KEYNOTE-564 involved 996 patients with clear-cell RCC at high risk for recurrence after nephrectomy, with or without metastasectomy. They were randomly assigned in a 1:1 ratio to receive a 200-mg dose of adjuvant pembrolizumab or placebo given intravenously once every 3 weeks for up to 17 cycles for approximately 1 year.

The vast majority of patients enrolled in the study had localized disease with no evidence of metastases (M0) and intermediate to high or high risk of disease recurrence after partial or complete nephrectomy. However, 5.8% of patients in both the pembrolizumab and placebo groups had M1 NED (metastatic stage 1, no evidence of disease) status after nephrectomy and resection of metastatic lesions. These patients were also at intermediate to high or high risk of recurrence.

The benefit of pembrolizumab, compared with placebo, was maintained in this subgroup, said the investigators. “At this point, we continue to look at the data, but we know that there was a benefit for DFS in the population we included,” said Dr. Choueiri. “When we looked at several subgroups such as PD-L1 status, geography, gender, performance status, M0/M1, all HRs were less than 1 suggesting benefit from pembrolizumab over placebo.”

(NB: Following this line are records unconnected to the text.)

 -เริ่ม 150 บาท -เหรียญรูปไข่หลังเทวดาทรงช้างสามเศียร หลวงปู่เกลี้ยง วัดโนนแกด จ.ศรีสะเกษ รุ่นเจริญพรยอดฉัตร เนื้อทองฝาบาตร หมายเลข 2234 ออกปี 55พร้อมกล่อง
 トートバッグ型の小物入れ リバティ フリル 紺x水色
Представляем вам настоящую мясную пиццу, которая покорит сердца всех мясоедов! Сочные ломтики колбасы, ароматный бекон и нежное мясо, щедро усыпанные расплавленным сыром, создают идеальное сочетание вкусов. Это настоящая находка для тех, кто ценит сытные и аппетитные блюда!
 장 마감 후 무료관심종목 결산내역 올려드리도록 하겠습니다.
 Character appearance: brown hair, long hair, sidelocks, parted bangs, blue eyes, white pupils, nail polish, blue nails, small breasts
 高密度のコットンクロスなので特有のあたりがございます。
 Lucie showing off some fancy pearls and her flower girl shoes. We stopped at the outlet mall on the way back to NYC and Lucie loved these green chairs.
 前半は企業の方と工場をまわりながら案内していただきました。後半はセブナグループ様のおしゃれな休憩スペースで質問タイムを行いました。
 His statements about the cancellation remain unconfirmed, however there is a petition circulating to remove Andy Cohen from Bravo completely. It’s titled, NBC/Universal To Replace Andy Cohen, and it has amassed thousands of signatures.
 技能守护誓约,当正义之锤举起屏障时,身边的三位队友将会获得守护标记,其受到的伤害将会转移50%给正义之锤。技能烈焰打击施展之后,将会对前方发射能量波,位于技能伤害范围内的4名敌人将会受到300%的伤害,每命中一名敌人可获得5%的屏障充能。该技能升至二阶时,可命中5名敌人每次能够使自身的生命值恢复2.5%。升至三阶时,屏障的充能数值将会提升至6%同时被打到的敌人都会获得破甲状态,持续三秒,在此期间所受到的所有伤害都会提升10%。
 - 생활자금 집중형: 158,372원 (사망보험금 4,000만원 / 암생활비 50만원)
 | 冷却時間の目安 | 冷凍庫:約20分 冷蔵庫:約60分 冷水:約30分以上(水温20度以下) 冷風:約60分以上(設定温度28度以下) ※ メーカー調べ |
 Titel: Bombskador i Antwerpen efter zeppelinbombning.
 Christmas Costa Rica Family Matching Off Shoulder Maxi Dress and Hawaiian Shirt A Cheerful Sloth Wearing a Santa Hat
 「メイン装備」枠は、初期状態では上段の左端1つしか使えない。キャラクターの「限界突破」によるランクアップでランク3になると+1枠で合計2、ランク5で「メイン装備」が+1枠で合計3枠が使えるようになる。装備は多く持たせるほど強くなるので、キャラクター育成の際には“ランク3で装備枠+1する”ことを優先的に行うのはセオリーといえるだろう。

“Subset analyses by stage are going to be important to determine which group of patients will derive the most benefit,” asserted Dr. McKay. “While those with M1 NED appear to derive benefit with HR for DFS of 0.29, those with M1 NED comprise a small percentage of patient enrolled in the trial.”

Studies exploring tissue- and blood-based biomarkers, including circulating tumor DNA, will be key to identify patients at highest risk for recurrence or adjuvant treatment, Dr. McKay emphasized. “The adoption of adjuvant immune checkpoint inhibitors brings along new questions regarding patient selection, therapeutic use in patients with non–clear-cell renal cell carcinoma, and systemic treatment after recurrence during or after the receipt of adjuvant therapy.”

KEYNOTE-564 was funded by Merck. Multiple study authors including Dr. Choueiri have financial ties to the pharmaceutical industry, including Merck.

A version of this article first appeared on Medscape.com.